Additionally, as an element of business intelligence, you can also get smart suggestions for reducing churn and increasing customer retention, as well for cross-selling and new customer referrals.
When brainstorming, planning and designing new products, whether they be goods or services, you can take advantage of the data in your CRM to help with decision-making regarding things like size, scale, pricing, functionality, and target market. This is achieved by looking at past product sales, reviews, issues, and other product data which is lurking inside your CRM data warehouse.
When planning product sales, especially with manufactured goods, most companies offer warranties to their customers to give them extra assurance that the goods will deliver as promised.
Since there might always be a percentage of customers who are not satisfied and will file a warranty claim, it’s a good idea to have knowledge beforehand regarding the likelihood and volume of these warranties. CRM data mining analyzes historical data about warranties and can give you solid predictions going forward.
Not all business runs smoothly, and not all customers are one hundred percent honest. By applying data mining to your CRM historical data, you can spot instances of fraud, fraud patterns, and other red flags to help you catch fraud early and deal with it, or to prevent fraud in the future by refining your anti-fraud practices.
There is little need to spell out the advantages of data-based fraud detection for your CRM and sales endeavors.
To sum up again, in this article, we’ve gone over the definition of CRM and then looked at the elements of data modeling that are applied to CRM software. Afterward, we discussed exactly what kinds of data our CRM systems generate. Then, we went over the 5 CRM data mining techniques, after which we looked at the various applications and benefits of doing data mining with your CRM information.
Of course, there are many types of CRM platforms and all of which produce slightly different data. It is analytical CRMs which are most poised to collect and aggregate the largest data sets of them all, as these systems have the right tools to break down, segment and analyze data, and from there, make descriptions, predictions, and forecasts.

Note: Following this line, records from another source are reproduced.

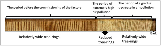 To assess the pollution stress in trees, many biochemical, physiological, and morphological methods are used [14,15,16,17,18,19,26]. Among the morphological methods, the most common approach is tree-ring analysis [27,28,29,30,31,32,33,34,35]. A retrospective analysis of annual ring widths and other tree-ring parameters (e.g., chemical composition of the wood, stable isotopes) makes it possible to obtain information on the state of the environment at a high time resolution. Hence, tree rings are often used to assess the long-term effects of air pollution in the environment [29,30,31,32,33,34,35,36,37,38]. These studies have indicated that trees growing in a polluted environment have narrower increments or, in extreme cases, do not produce any increments in a given year [36,37,38].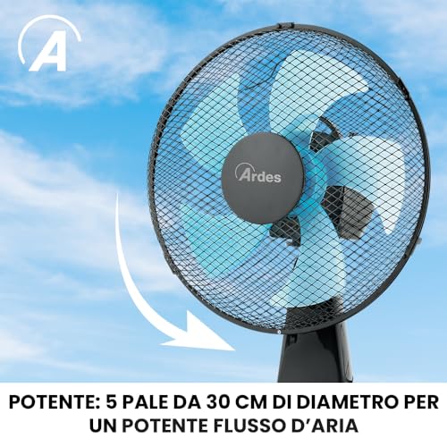 Ardes - AR5ST30N Ventilatore da Tavolo STEELO 30N 5 Pale - Ventilatore da tavolo 30 cm Oscillante con Inclinazione Regolabile - Ventilatore 3 Velocità Silenzioso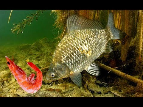 Целая стая карасей набросилась на креветку. Посмотрите это подводное видео. Креветка хорошая наживка оказалась. Можно брать.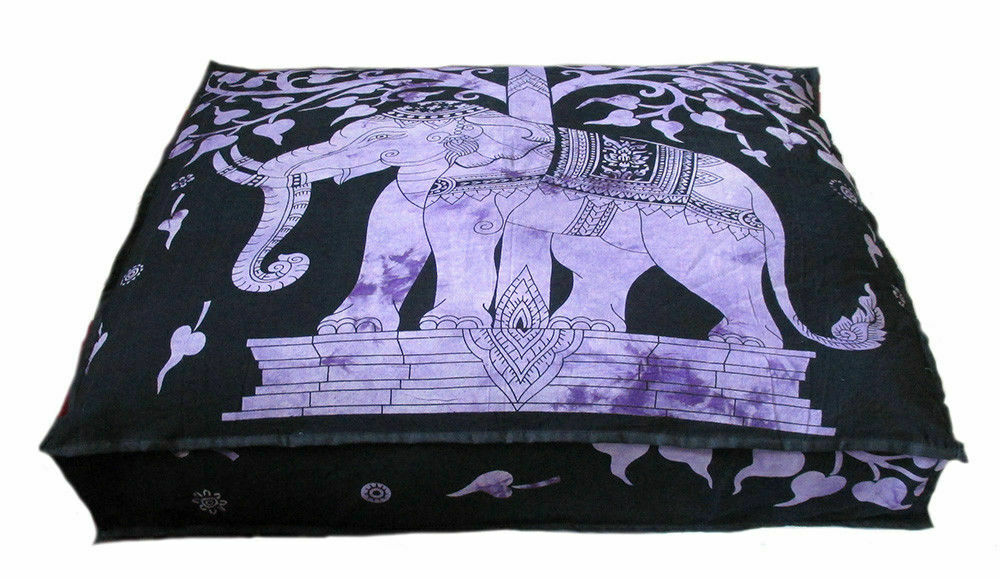 Elephant Mandala Cotton Floor Pillow Ethnic Indian Meditation Square Cushion Art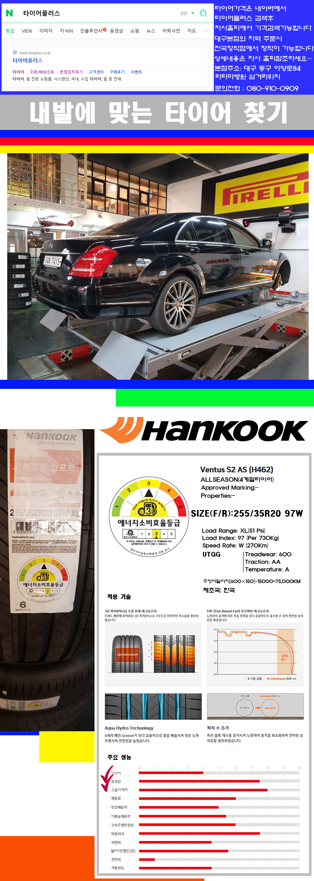 | [2553520]벤츠S600 한국타이어 벤투스 S2AS (H462) 255/35R20 | |||
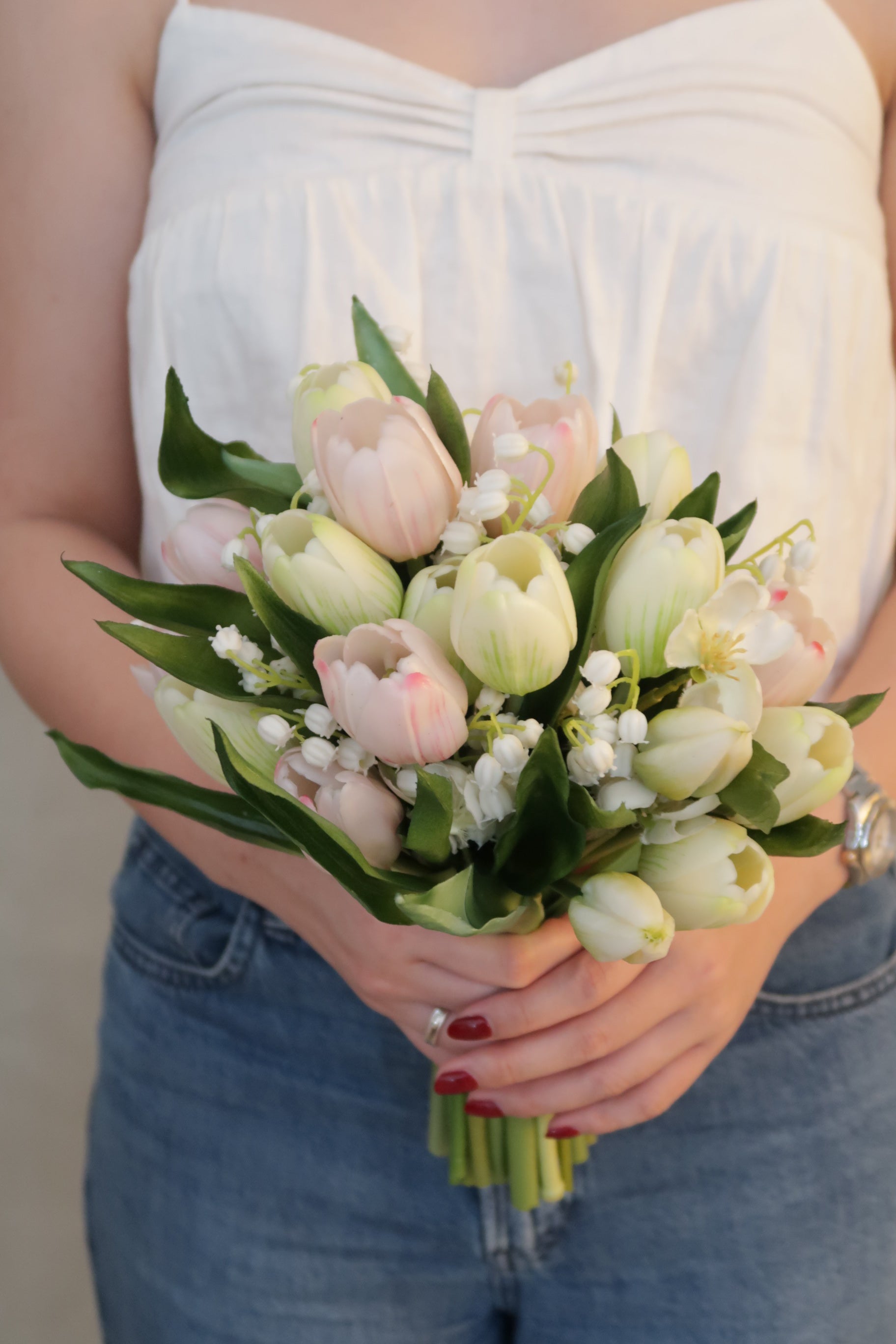 is a sweet, uplifting bouquet inspired by the gentleness of early spring. Featuring pastel tulips in soft blush, cream, and subtle green tones, paired with clusters of lily-of-the-valley–style mini blooms, this arrangement feels fresh, youthful, and quietly joyful.

All in all, the main takeaways regarding data mining as a means to improve customer relations are as follows. Leveraging data and business intelligence means you have a better idea of who your existing customers are and what they like, as well as what your potential market for new customers is all about. You boost customer loyalty and customer satisfaction, reduce waste and avoid errors, and increase ROI and profitability for your business.
Can you complain about any of that? We don’t think so. In the end, we hope you are using a CRM, and you aren’t letting all that priceless CRM data go to waste. Mine that stuff for gold!